Following the discovery of lin-4 and let-7, several hundreds of miRNAs have been identified. Some miRNAs, such as let-7, are highly conserved through evolution and are essential to many biological processes, while the individuality of an organism can be ascribed to lineage- and species-specific miRNAs.[29,30] There are currently 1872 precursor and 2578 mature human miRNA sequences listed in the miRNA registry (Sanger miRBase release 20; http://www.mirbase.org/). Almost 60% of mammalian mRNAs are predicted targets of a relatively small number of miRNAs, suggesting that a given miRNA can silence many target genes. This is thought to be because miRNA does not require perfect sequence complementarity with its target mRNA.[31]

BIOGENESIS OF MIRNAs

miRNAs are produced through transcription of miRNA genes in the nucleus known as miRNAs precursor genes (mir-gene). The miRNA transcripts are then spliced and capped similar to protein coding mRNA transcripts. These primary miRNAs form a hairpin-shaped stem loop, prior to being processed into pre-miRNAs. This processing is carried out by a microprocessor complex that consists of Drosha (RNase III endonuclease) and DiGeorge syndrome critical region 8 (DGCR8) or Pasha, which is an essential cofactor. This complex processes the primary mircoRNAs into pre-miRNAs, which are 60- to 70-nucleotide long and contain a 5′ phosphate and a 3′ nucleotide overhang. The pre-miRNA is then transported to the cytoplasm by exportin 5 of the Ran transport receptor family.[3,32]

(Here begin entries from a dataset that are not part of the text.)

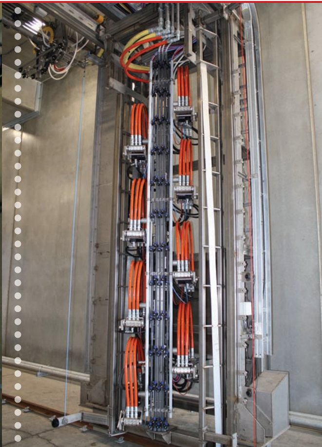
▼ The equipment for a two-bay truck wash.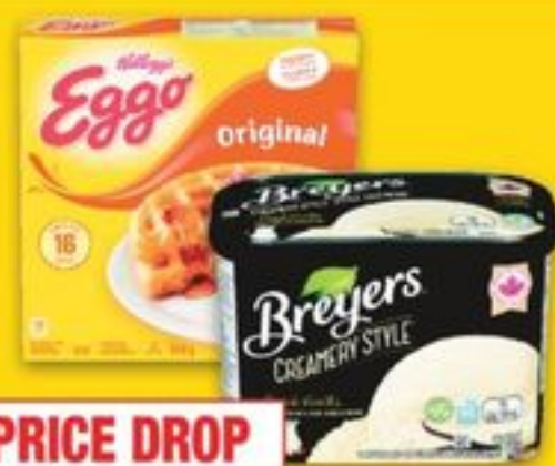
EGGO WAFFLES 16's or BREYERS CREAMERY STYLE ICE CREAM 1.66 L selected varieties, frozen gâteaux ou crème glacée 20097730004 SA/20344920004 SA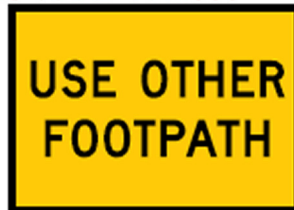
Boxed edge Code : RBE78 600x900mm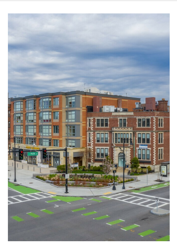
896 Beacon St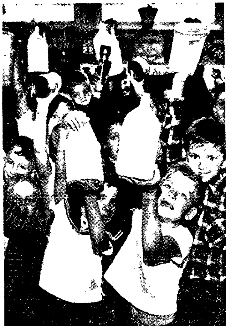
EMERGENCY RATIONS—First graders at Tampa, Fla., elementary school hold up canned food and jugs of water they brought to school as part of Civil Defense preparation during Cuban crisis.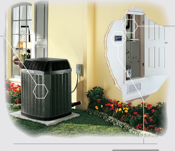
Exclusive Trane Nexia<sup>™</sup>-Enabled Controls help manage your home comfort from wherever you happen to be. They can also easily control over 400 compatible Z-Wave<sup>®</sup> devices like door locks, lighting, garage door openers and window openers.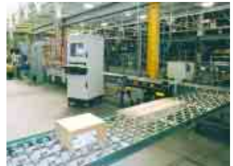
FloStor's material handling installation at Peet's Coffee & Tea (control station at center)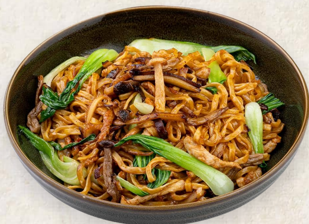
豚肉イーファー麵 Braised E-fu Noodle with Pork Oyster Sauce 22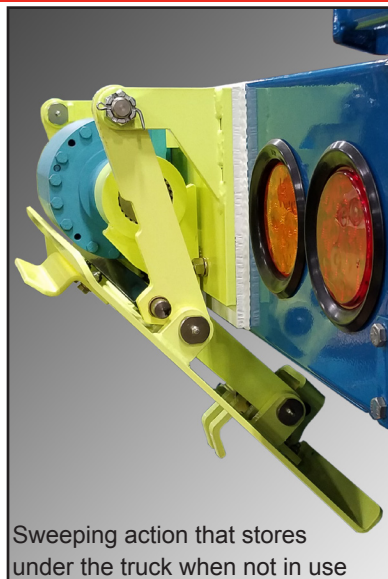
Sweeping action that stores under the truck when not in use

In the cytoplasm, the pre-miRNA is further processed to a short double strand miRNA by partner proteins Dicer (second RNase III endonuclease) and trans-activator RNA binding protein (TRBP). The duplex is then unwound by a helicase and the final mature miRNA is generated. Dicer also initiates the formation of the RNA-induced silencing complex (RISC). The mature miRNA product is a single-stranded, non-coding, regulatory RNA molecule 22 nucleotides long, which is guided to the target mRNA after it is incorporated into an RNA-induced silencing complex (RISC).[33]

The Argonaute (Ago) family of proteins is a major component of RISC and functions as a protector, protecting the RISC-loaded mature miRNA from degradation. After its function is complete, however, the mature miRNA is degraded.[34]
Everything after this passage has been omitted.